## Work to complete
Exact copy, no pictures: return only the lines below from the line with "Servera tomatsoppan som" up to and including the line with "GERMANY, Democratic Republic, silver".

## Data for this exercise

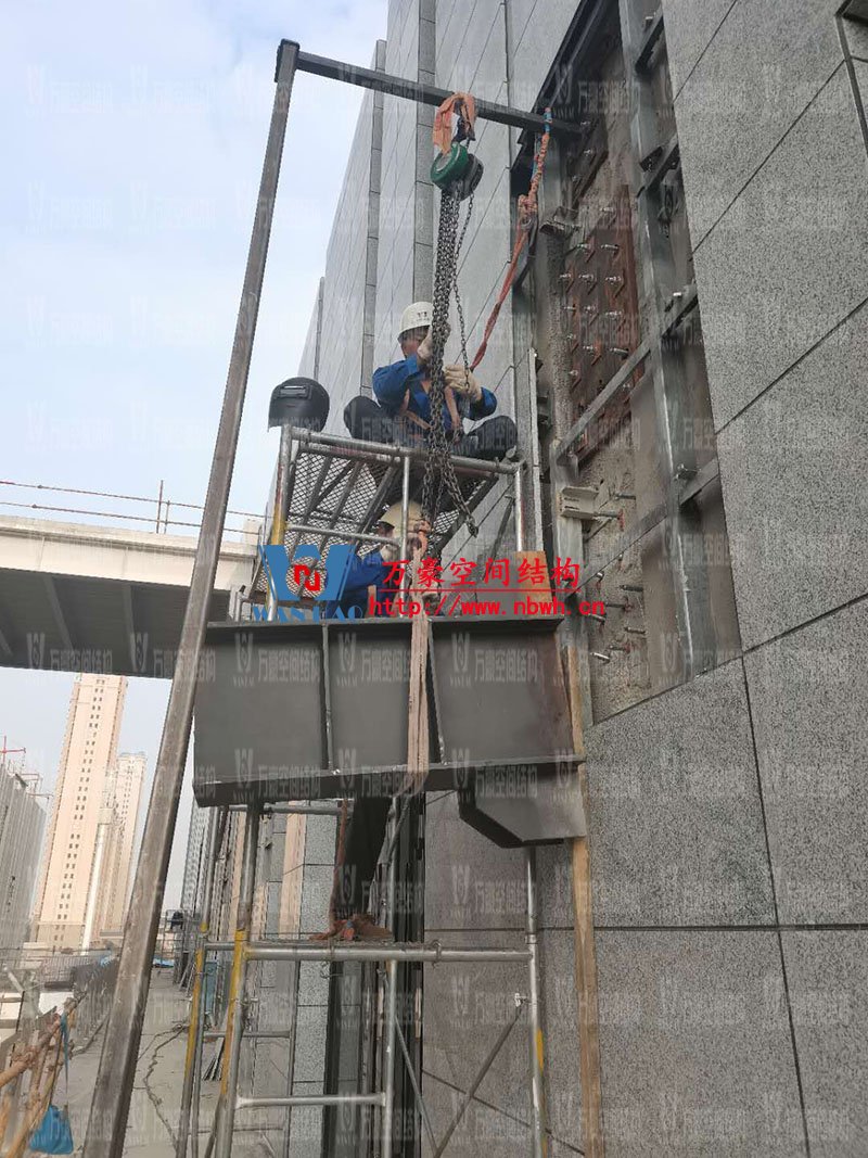 新泰卓越·財富廣場膜結構項目位于山東省泰安市新泰市,此工程由寧波萬豪空間結構工程有限公司承建。 目前預埋件施工中,牛腿安裝7個,鉆孔施工完成。 期待整個工程的完工,來領略它別致的風采。
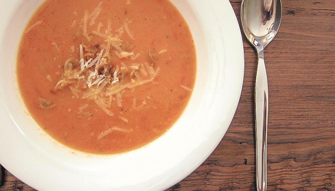 Servera tomatsoppan som förrätt eller som huvudrätt, varm eller kall.
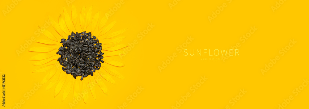 Beautiful fresh sunflower with sunflower seeds inside on yellow background. Harvest time agriculture farming. Healthy oils, food. Sunflower natural background Flower card Flat lay top view copy space
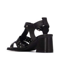 Sandalia de mujer, marca Carmela. Fabricada piel de alta calidad. Diseño con calados y apliques metálicos. Cierre mediante correa al tobillo con hebilla. Cómoda planta y tacón ancho de 7 cm. Suela antideslizante.
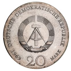 GERMANY, Democratic Republic, silver twenty marks, 1969, 220th Anniversary of the Birth of Johann Wolfgrang ...
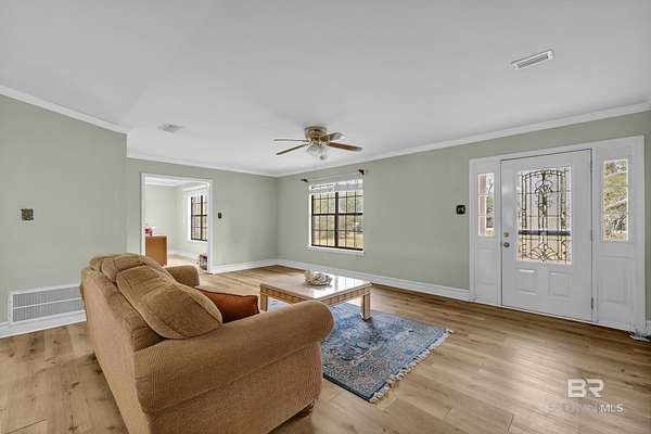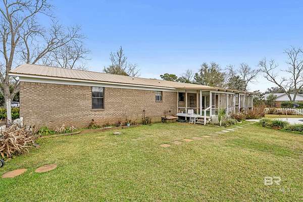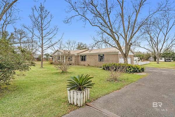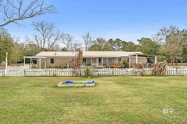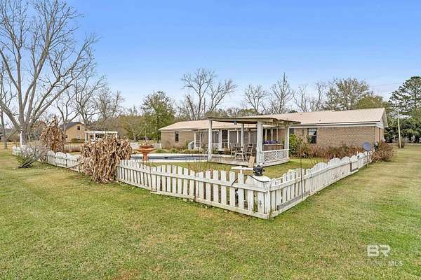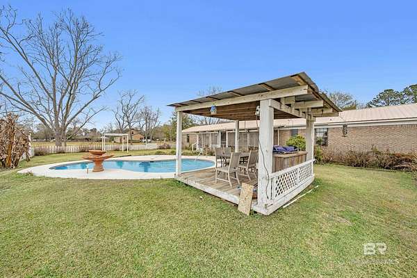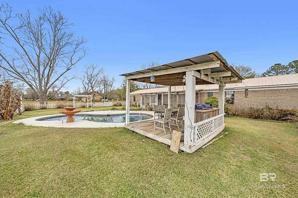 PLEASE READ THOROUGHLY! The SUBFLOORS need to be replaced! The pool components work but have been turned off for the winter freezes. Brick, pool home on 1.5 cleared acres with NO HOA--an ideal fixer-upper with good bones and room to add value. This 3-bedroom property offers 2 full baths plus a half bath, a spacious primary suite, and an open great room combining the kitchen, dining, and living areas with lots of natural light. The kitchen features granite countertops, a gas range, and a stainless-steel refrigerator. Outside, enjoy a Gunite in-ground pool and exceptional utility space with a workshop/barn/pole barn--perfect for equipment, hobbies, storage, or small-scale homesteading. The 4-year-old metal roof adds peace of mind. The land is a standout: pecan trees, blueberry bushes, orange and pear trees, multiple vegetable gardens, and well-established flower beds showcasing purple and white hydrangeas, ginger lilies, lilies of the Nile, daffodils, rose bushes, and canna lilies. Investor and DIY buyers will appreciate the upside. Subflooring needs replacement due to improper installation of LVP flooring, and the bathrooms are ready for updating--a strong opportunity to customize and build equity in a rural setting with space, privacy, and mature plantings. Make note this home is located just 3 miles from the Big mouth where Weeks Bay flows into Mobile Bay-ideal for fishing, just 2 miles from the Weeks Bay Bridge Boat Ramp, and about 1 mile from Mary Ann Beach Park- where you can enjoy Mobile Bay beach, kayaking and swimming. Buyer to verify all information during due diligence.

## Response to this task
 Servera tomatsoppan som förrätt eller som huvudrätt, varm eller kall.
 Beautiful fresh sunflower with sunflower seeds inside on yellow background. Harvest time agriculture farming. Healthy oils, food. Sunflower natural background Flower card Flat lay top view copy space
 Sandalia de mujer, marca Carmela. Fabricada piel de alta calidad. Diseño con calados y apliques metálicos. Cierre mediante correa al tobillo con hebilla. Cómoda planta y tacón ancho de 7 cm. Suela antideslizante.
 GERMANY, Democratic Republic, silver twenty marks, 1969, 220th Anniversary of the Birth of Johann Wolfgrang ...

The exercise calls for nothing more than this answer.